Concomitantly, in the profiles of both the fecal and plasma metabolites, more alcohol compounds were noticed in the treated groups than in the untreated ones. The stress markers dodecane, undecane, tetradecane, and tridecane derivatives were detected in the plasma of the whisky type 1 treated group which might be linked to the dominance of Helicobacter in that group [55]. The abundant Clostridial cluster may be linked to the abundance of glycine in the treated groups [56,57]. The lipid profiles were high in the whisky type 1 group, which might be associated with the high Firmicutes/Bacteroidetes ratio [58]. Although the effects of both whisky and pure ethanol were evaluated in the host gut, the differential responses to different whisky brands indicated the influence of the non-ethanolic components on both the gut bacteria, and the fecal and blood metabolomic profiles. Whisky type 1 had a few unique compounds such as d-arabitol, which were correlated with the abundance of Helicobacter sp., and l-arabitol was detected in the fecal metabolite profile of the treated group. Noticeably, whisky brand 1 had more sugars in its chemical profiles, and concomitantly, higher concentrations of sugars were noticed in the plasma metabolome of the treated animals. Our microbiome and metabolite data suggest that the reduced amount of butyrate producers, along with a reduced amount of butyrate/butanoic acid in the alcohol cohorts, could potentially lead to a disruption in the gut barrier integrity since butyrate is necessary for epithelial cell regeneration. Additionally, the elevated levels of stress markers and altered plasma amino acids might also exert a potentially harmful impact on the gut barrier integrity.
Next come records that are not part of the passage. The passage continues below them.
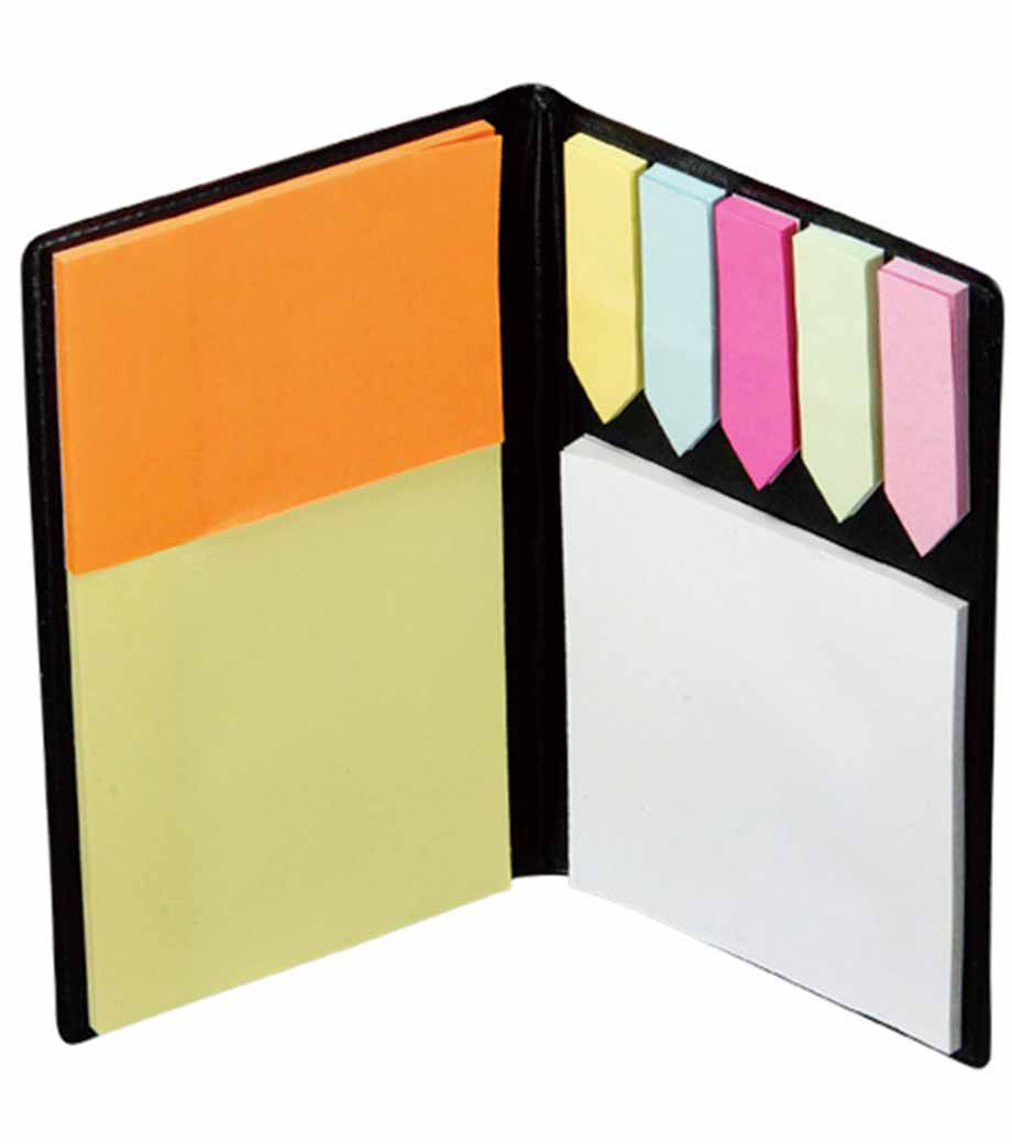 実用的なステーショナリーが、こんなにスタイリッシュに変身。レザー調フセンブックは高級感のあるレザー調のカバーに、5色2サイズの付箋メモをセットしました。
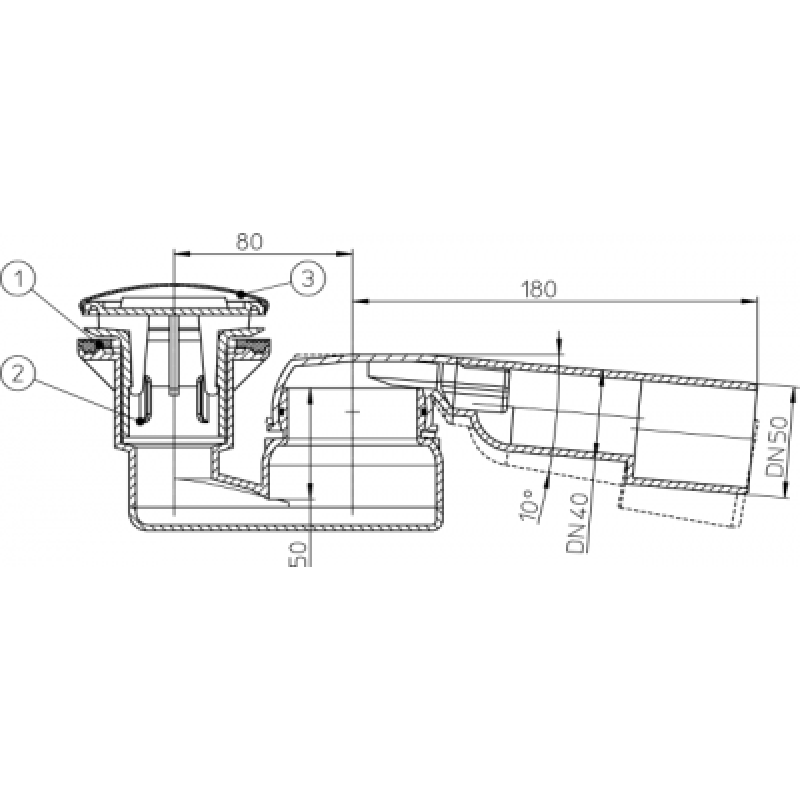 HL sifonas dušo padėklui 40/50 x 80mm su nerūdyjančio plieno dangteliu
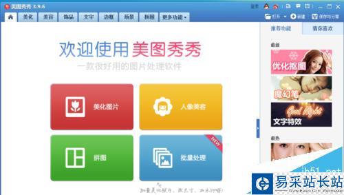 1、打開美圖秀秀這款操作軟件,進入美圖秀秀的操作界面,如圖所示:

However, we need to carry out more mechanistic evaluations including a larger longitudinal study with human subjects to obtain a concrete understanding of this aspect. Moreover, we also assessed the interactions of our microbe–metabolites profiles but did not observe any butyrate producers correlating positively with butanoic acid in the untreated groups, which needs further in-depth evaluations to understand the microbial crosstalk with the metabolites.

5. Conclusions

This study has revealed for the first time that non-alcoholic whisky components may considerably affect drinkers’ gut bacteriome/microbiome. This finding may apply to other alcoholic beverages as well, although more research is needed to help regulatory authorities monitor the quality of alcoholic beverages. Since different whisky brands contain different non-alcoholic ingredients, it is crucial to identify the ones that have a negative impact on host health and gut bacterial dysbiosis.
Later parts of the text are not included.